Purpose: To evaluate image quality, safety, and clinical validity of selective, intraarterial, pulmonary digital subtraction angiography (DSA) with use of a flow-directed, balloon-tipped catheter in patients with suspected acute pulmonary embolism (PE).
Materials and methods: Pulmonary DSA was performed in 211 patients with suspected PE. Subselective magnification series were obtained with nonionic contrast material. Clinical outcome of patients with a negative pulmonary DSA study was assessed by means of retrospective analysis of their medical records, with a minimum follow-up of 3 months.

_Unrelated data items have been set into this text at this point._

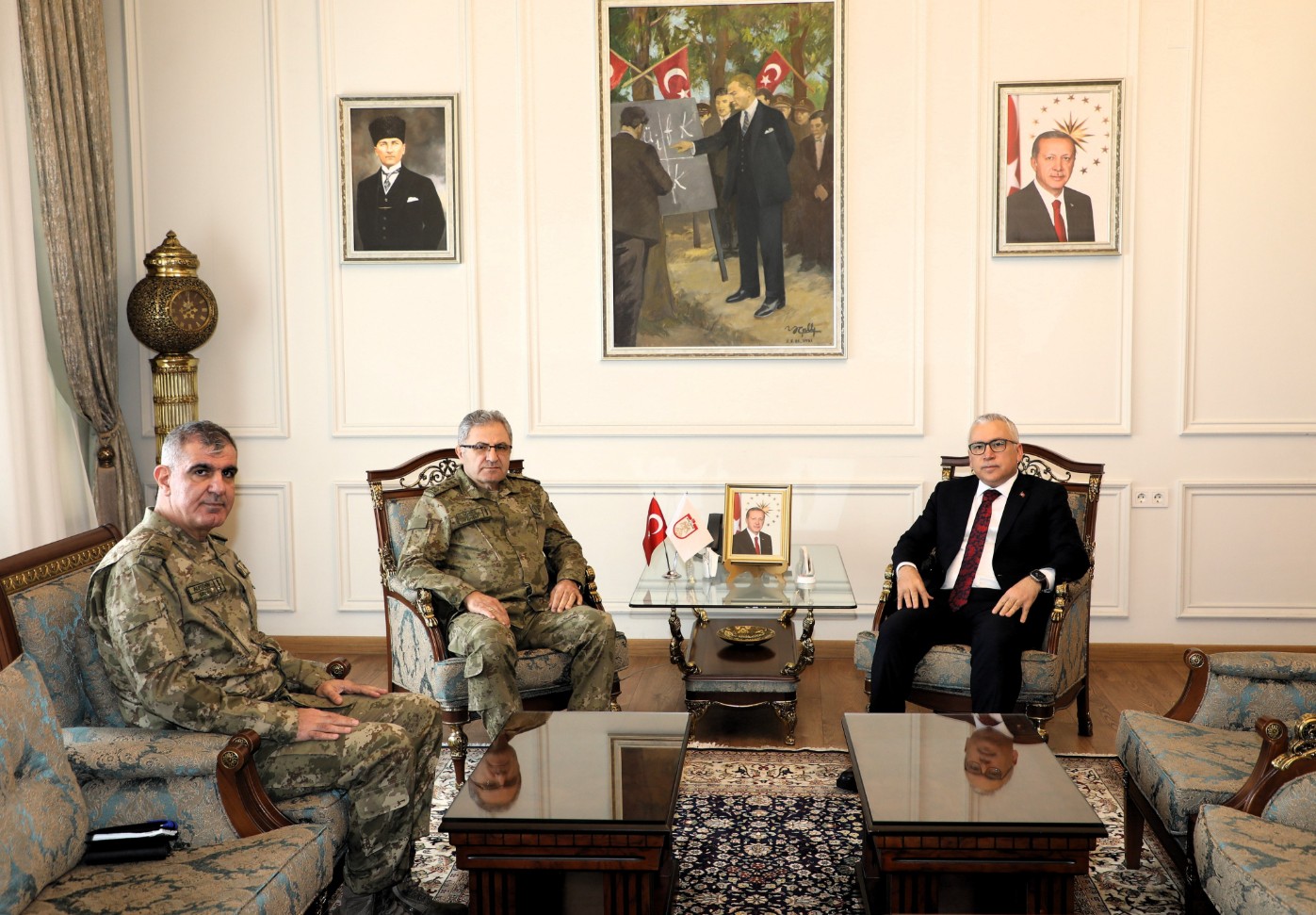 Üst düzey askeri heyet, kentte yürütülen çalışmalar ve bölgesel değerlendirmeler hakkında görüş alışverişinde bulunmak üzere Valilik makamında bir araya geldi.
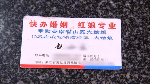 虽然女的是二婚,还生过两个孩子,但对方表示彩礼一分不能少,为了给儿子找媳妇,老王也是豁出去了,最后给女方17万彩礼,还给出去高达13万的介绍费,1万给海盐这边的两个介绍人,另外12万是给云南婚介机构的。记者了解到,老王的儿子还和婚介机构签了合同,约定结婚后就算离婚,12万婚介费也不退。
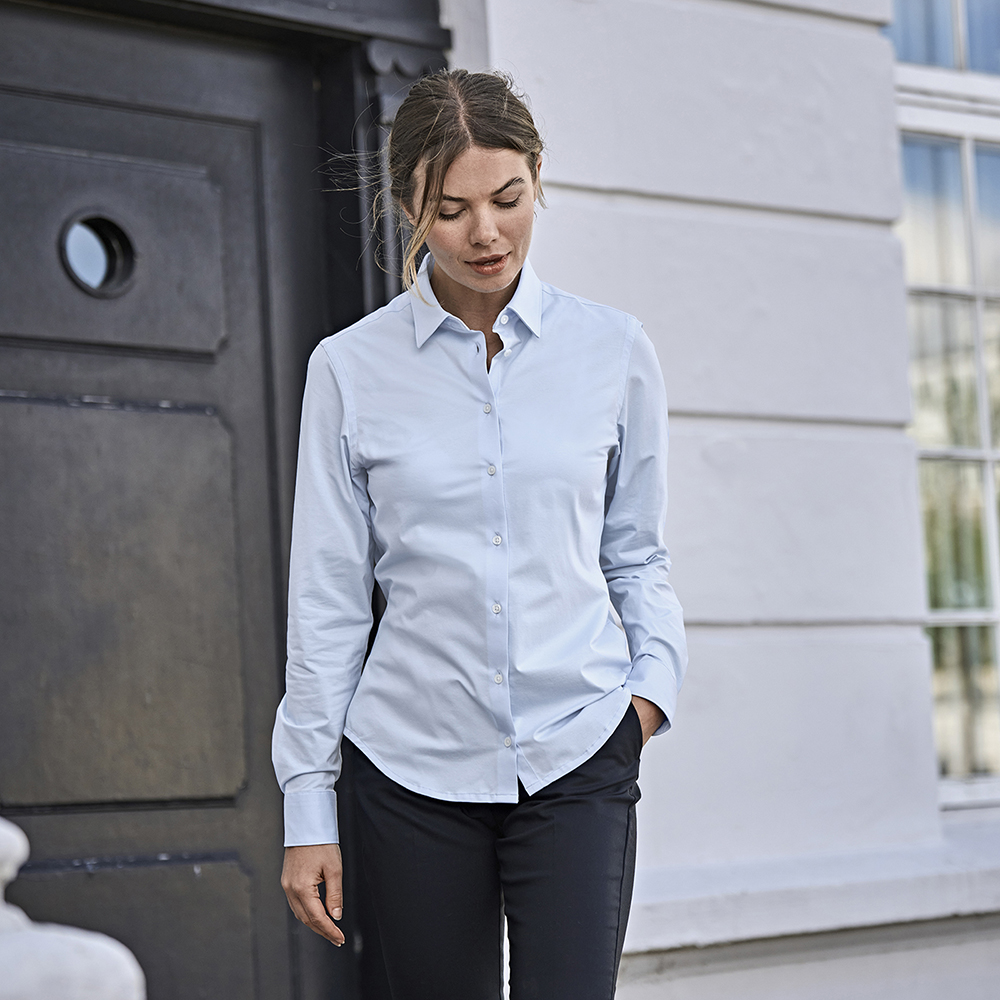 Skjorten er fugttransporterende, hurtigtørrende og nem at vaske og pleje. Bomuld/elastan-stoffet sikrer en yderst behagelig skjorte, der kan bæres til enhver lejlighed.
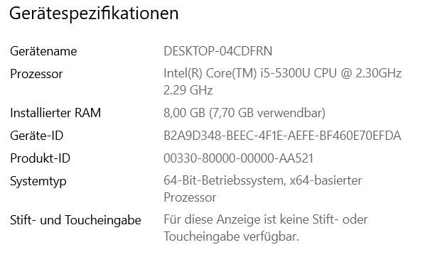 Festplatte SSD 167 GB, Arbeitsspeicher 8 GB
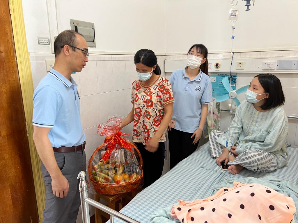 4月12日上午,威廉希尔中文网站党总支书记颜冬果和辅导员江丽霞老师和黄禹彰老师代表全院师生,前往广东医科大学附属医院看望了陈凤玲同学,并将筹集到的善款亲手交到了他的手中。看到老师和同学们的到来,陈凤玲的眼中闪烁着感动的光芒。她表示,这些善款不仅是他的治疗费用,更是她坚持治疗的信心和勇气。
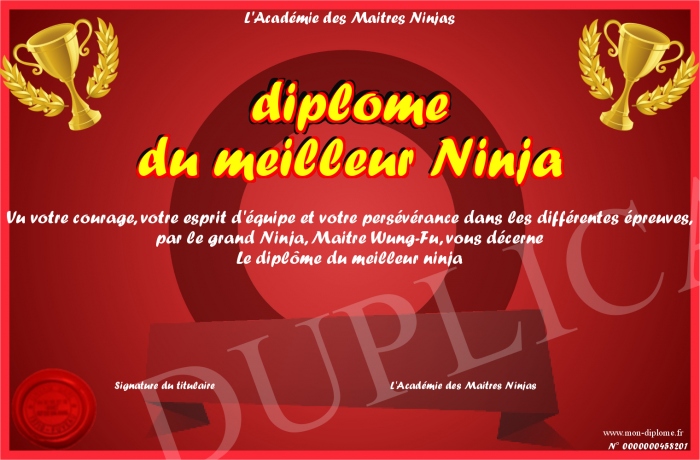 Envoyez par email votre diplôme du meilleur Ninja personalisé
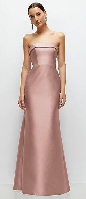 Strapless Cuff Neckline Satin Trumpet Gown in neu nude
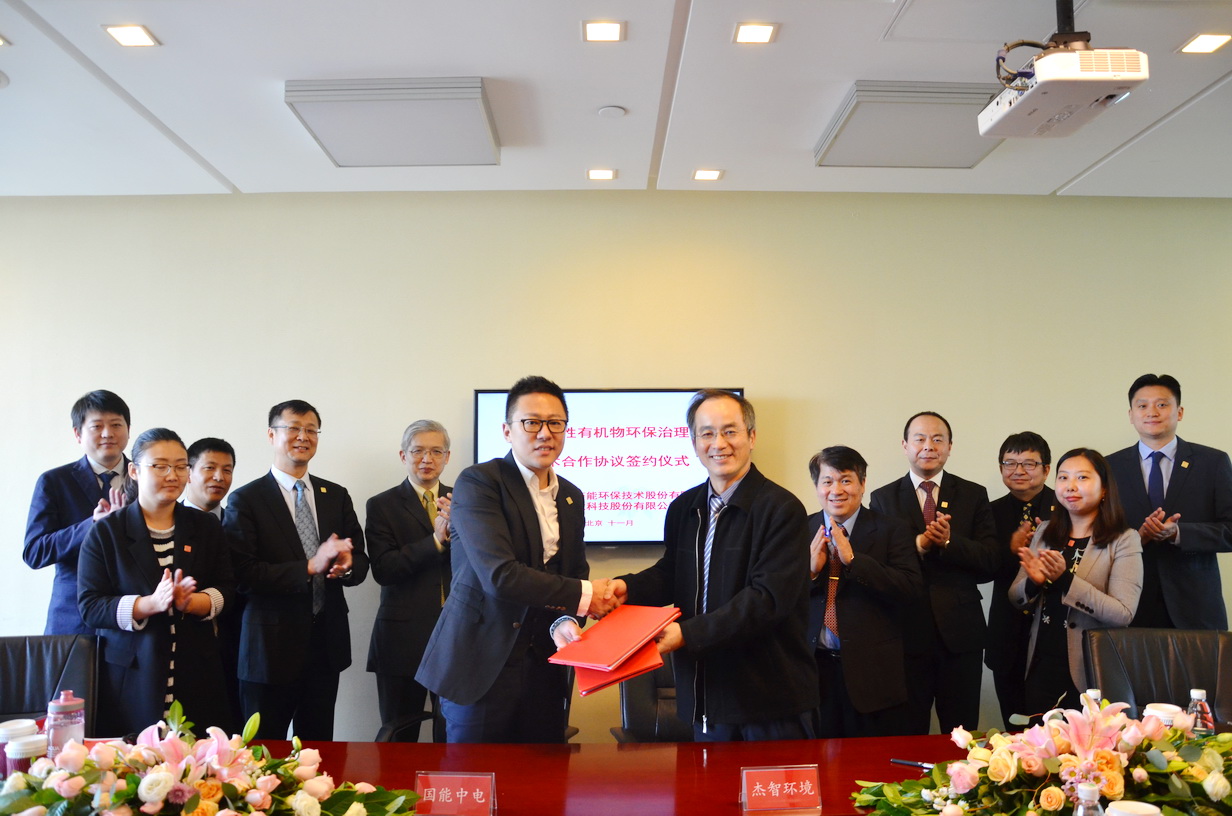 2017年11月7日上午,北京國能中電節能環保技術股份有限公司與杰智環境科技股份有限公司就“揮發性有機物環保治理”項目合作達成協議,并在國能中電公司舉行了隆重而熱烈的簽約儀式。

Results: Among the 211 patients, DSA image quality was excellent in 129 (61.1%), adequate in 79 (37.4%), and poor in three (1.4%). Two angiograms (0.9%) were nondiagnostic. No complications occurred. Of 129 patients with negative DSA in whom anticoagulants were withheld, 16 died of disorders other than PE; one (0.9%, 95% confidence interval 0.0%, 4.2%) of 113 patients alive at 3 months returned after 3 weeks with possible PE.
Conclusion: Pulmonary DSA with the flow-directed catheter is a safe procedure and provides good to excellent image quality. Anticoagulants can be withheld in patients suspected of having PE when pulmonary DSA results are negative.